Quelques heures plus tôt, on avait décidé de bouleverser tous nos principes et de faire un plateau repas familial, assis par terre au salon devant la télé. On imaginait déjà l’hystérie collective qui les prend à chaque fois qu’on se couche un peu trop tard, qu’on a le droit de regarder un DVD le soir, qu’il y a des invités, ou même qu’on peut manger dehors. C’est encore mieux s’il y a des chips et pas trop de légumes évidemment. Et puis de l’Oasis.
Quelques minutes plus tôt, j’avais dans mon caddie de quoi boucher leurs artères sur treize générations. Et des chips. Et de l’Oasis. J’avais un peu honte en passant à la caisse, plus habituée du rayon frais et bio, mais ça me faisait rire, justement.

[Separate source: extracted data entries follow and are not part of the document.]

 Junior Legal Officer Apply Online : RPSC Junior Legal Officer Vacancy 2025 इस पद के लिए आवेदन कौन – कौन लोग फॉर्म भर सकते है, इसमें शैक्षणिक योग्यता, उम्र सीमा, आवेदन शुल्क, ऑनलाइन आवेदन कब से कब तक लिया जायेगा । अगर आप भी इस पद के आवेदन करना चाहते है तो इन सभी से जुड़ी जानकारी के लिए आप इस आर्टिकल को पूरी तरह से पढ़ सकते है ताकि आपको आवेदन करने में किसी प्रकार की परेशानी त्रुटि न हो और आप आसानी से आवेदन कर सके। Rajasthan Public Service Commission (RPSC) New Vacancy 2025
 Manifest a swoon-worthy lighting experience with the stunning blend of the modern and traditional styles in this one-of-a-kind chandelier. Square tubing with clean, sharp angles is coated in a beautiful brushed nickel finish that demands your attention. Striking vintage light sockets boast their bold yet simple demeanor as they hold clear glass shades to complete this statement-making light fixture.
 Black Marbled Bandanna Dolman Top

Quelques secondes plutôt, j’avais freiné, et puis souri à un lapin qui traversait ma route de campagne à grands bonds pressés. Mes pensées vagabondaient et le sourire flottait encore sous mes lèvres quand, dans un hurlement de freins, son pare-chocs a frôlé ma portière.
Envolé le sourire, finies les douces rêveries de ketchup sur la carpette du salon, de soda renversé sur le cuir beige du canapé. J’ai pensé soudain que tout allait si vite, et que tout pouvait s’arrêter non pas demain, mais là, tout de suite, quelques millièmes de secondes après la petite queue du lapin disparue dans le fourré. Au moment où on s’y attend le moins. Où on a fait tellement de projets. Quand on a tourné le dos à tout ce qui nous lestait, quand la vie devient sinon douce au moins jolie. Comme s’il y avait un bon moment pour que tout s’arrête, d’ailleurs.
Le coeur encore battant la chamade j’ai rejoint les enfants, je les ai serrés un peu plus fort que d’habitude encore, me remplissant de leur vie insolente. Tandis qu’ils mordaient dans leur hamburger, alignés sur le canapé, j’ai regretté de ne pas avoir acheté de bonbons pour le dessert. Ceux qui collent aux doigts, aux dents, et aux plaids du canapé sous lesquels ils avaient caché leurs jambes en pyjama.